Finland and previously neutral Sweden’s announcement of their wish to join NATO in the wake of Russia’s invasion of Ukraine may be set to give those countries a sense of security, but Putin is paranoid about the west encroaching on his doorstep and considering that while he remains in charge of Russia literally anything can happen, such a move is going to make the world a much less secure place.
But the decision has been dictated by Putin’s aggression in Ukraine and with the “special military operation” not exactly going according to plan due to what appears to have been a complete miscalculation by Russia of the Ukrainian spirit, we have to ask ourselves how long we’re prepared to let a power mad bully do whatever he likes, including the sanctioning of war crimes, just because he MIGHT press the button if the majority of the rest of the planet stands up to him.
The point is fast approaching where the west will need to do something more decisive than giving someone else the tools to do the job for them and hoping for the best.
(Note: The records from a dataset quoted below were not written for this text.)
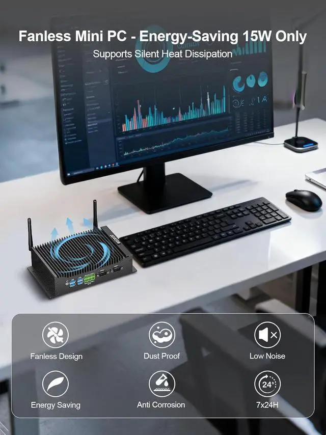 A5: This mini PC is a quiet yet powerful computer, making it an excellent and reliable choice for industrial environments, offices, network security, and education.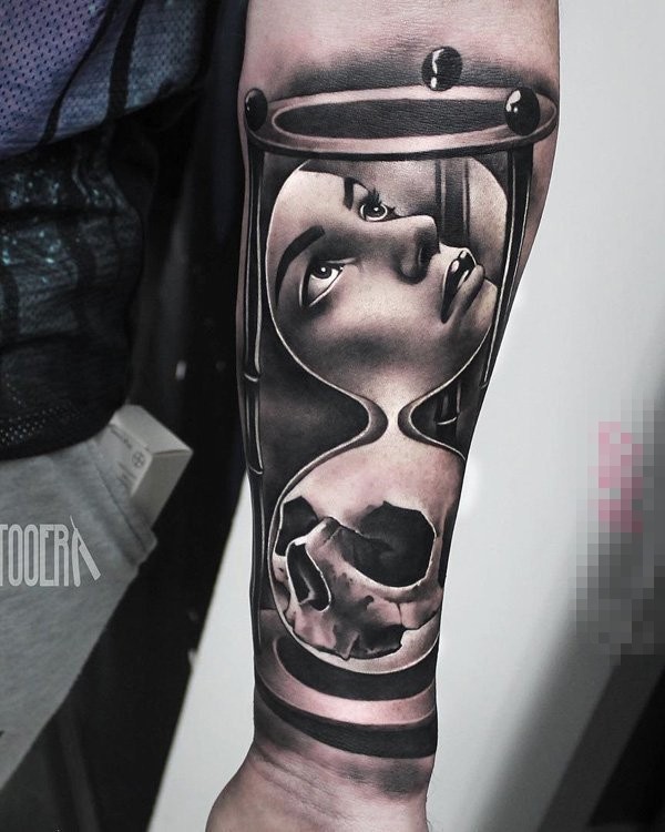 男生手臂上黑灰点刺抽象线条人物骷髅沙漏纹身图片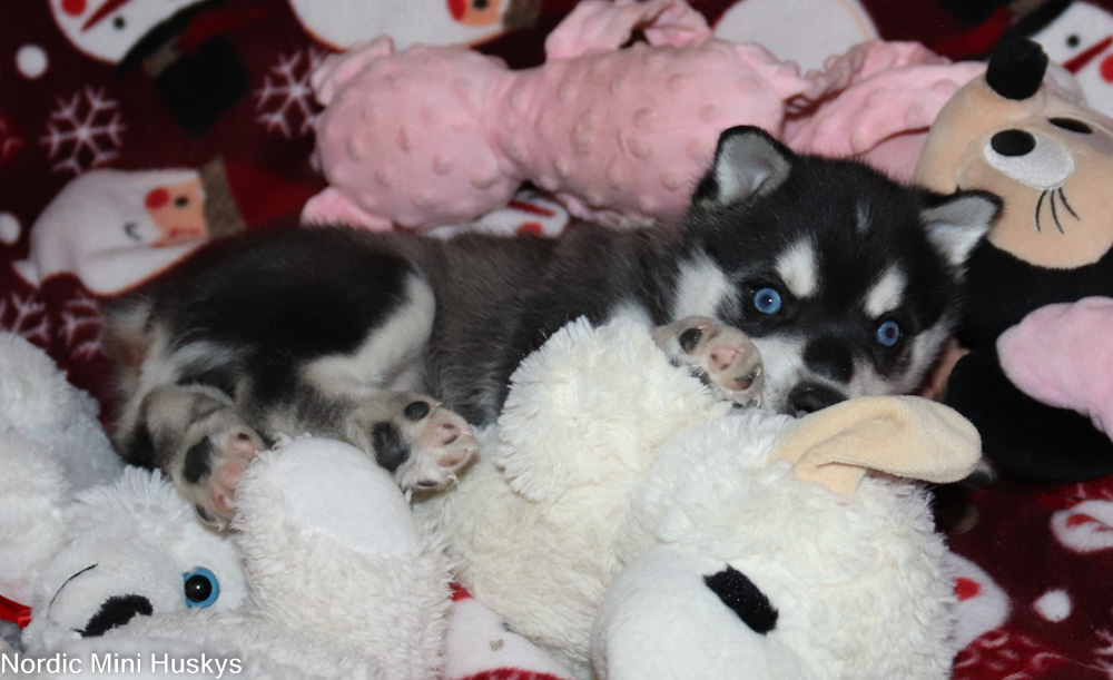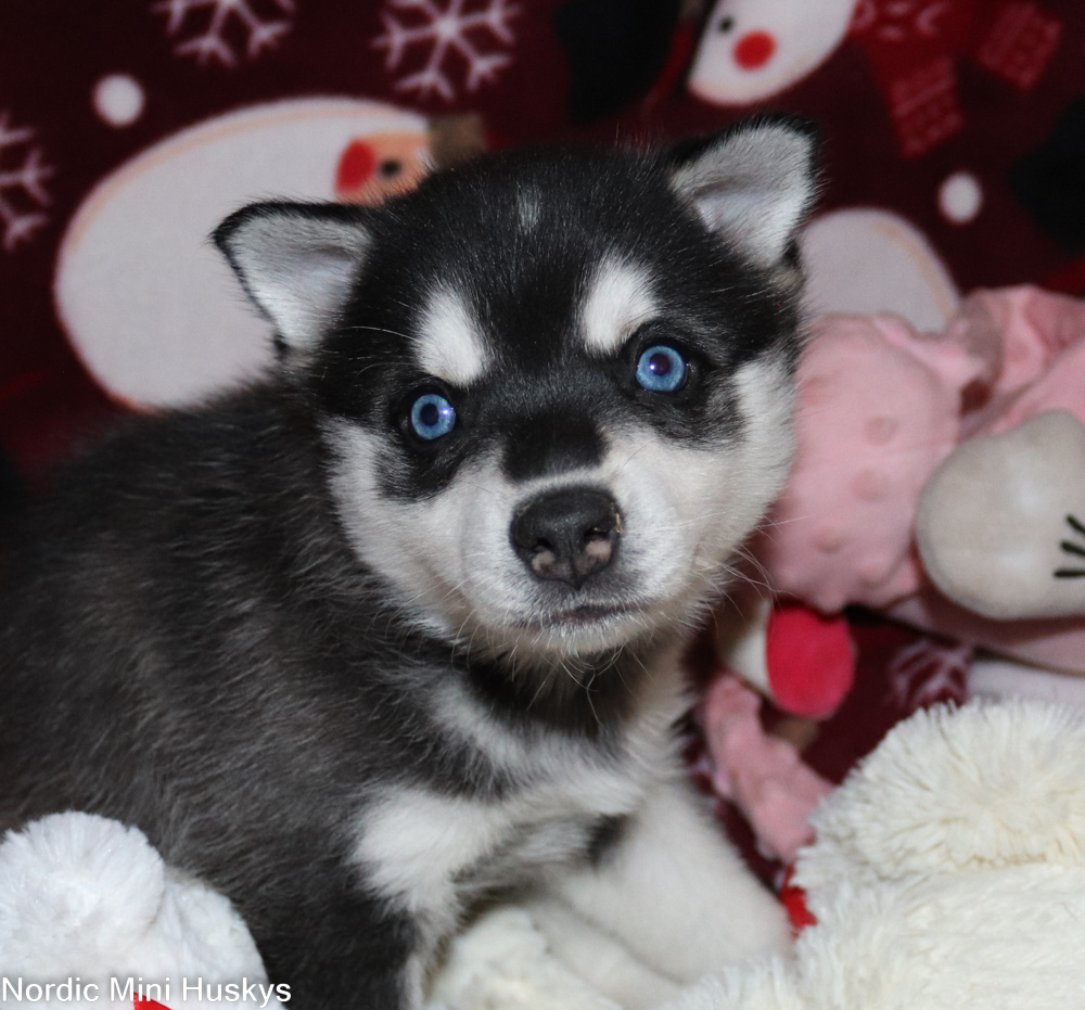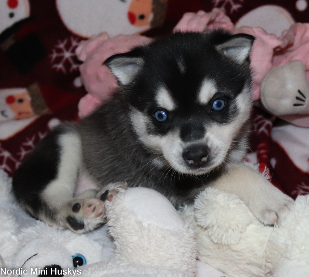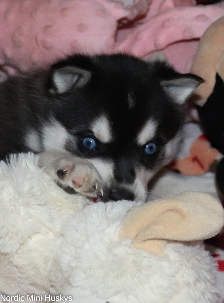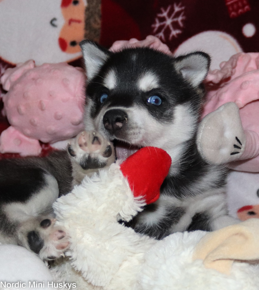 Frost’s black and white blue-eyed boy looks like he will be a standard when grown.  He is a happy-go-lucky guy.  He loves to play, and is a little independent, so he will explore on his own but loves to play with me too. He also loves his toys.  He is a bit reserved when he meets new people but is quickly overcoming that.

As things stand, Latvia, Georgia, Belarus, Lithuania and quite possibly Moldova should be looking over their shoulders because the next move will be to consolidate Russia’s former Soviet territories on the edge of the NATO line.
Then all bets will be off because there won’t be any such thing as winners. We all lose.
Hopefully before that happens someone in the Kremlin will put a bullet in Putin’s temple or his doctor will administer something and tell us their leader suffered a fatal brain aneurysm or something, but at the moment engaging in an existential game of who blinks first looks like it’s going to be unavoidable.
And while it’s going to be essential that we remain firm and strong in the face of this threat, we should probably all be getting a bit scared about now.
Meanwhile, if there’s still a world left, it looks like next year’s Eurovision Song Contest will be held in a Kyiv bunker.
Nine million people watched the show at the weekend – and the punchline to this, which would have been a harmless bit of japery on my part has been omitted after careful thought, not because I feel any responsibility for someone taking offence when it wasn’t meant – that’s their choice, it doesn’t automatically mean they would be in the right – but because I really can’t be arsed with the fuss any more than I can be bothered with the contest itself.
But one act I noticed during the build up appeared to have plastic animal heads and Stig helmets on.
I christened them Draft Punk.
Something from years ago has reared its ugly head again (snigger) because of the Rebekah Vardy/Colleen Rooney “Wagatha Christie” defamation case which has prompted me to wonder, how is it acceptable for a woman to mock the size of a male celebrity’s penis in the media?
Can you imagine what would happen if a man in the public eye said something derogatory about a famous one night stand or former partner’s vagina? He would be cancelled immediately. Jobs, sponsorships all gone in an instant.
Not the case the other way round apparently.
You would think after 150 years that footballers would remember that the lid on the FA Cup comes off.
Stupid TV quiz answer of the week
Q: What children’s playhouse is named after a J M Barrie character?
A: Winnie the Pooh?
Q: Which animal in the Winnie the Pooh stories could be described as porcine
Q: Which Midlands side is managed by Steven Gerrard?
Special mention to the geography degree student on The Chase who thought Berne was in Germany.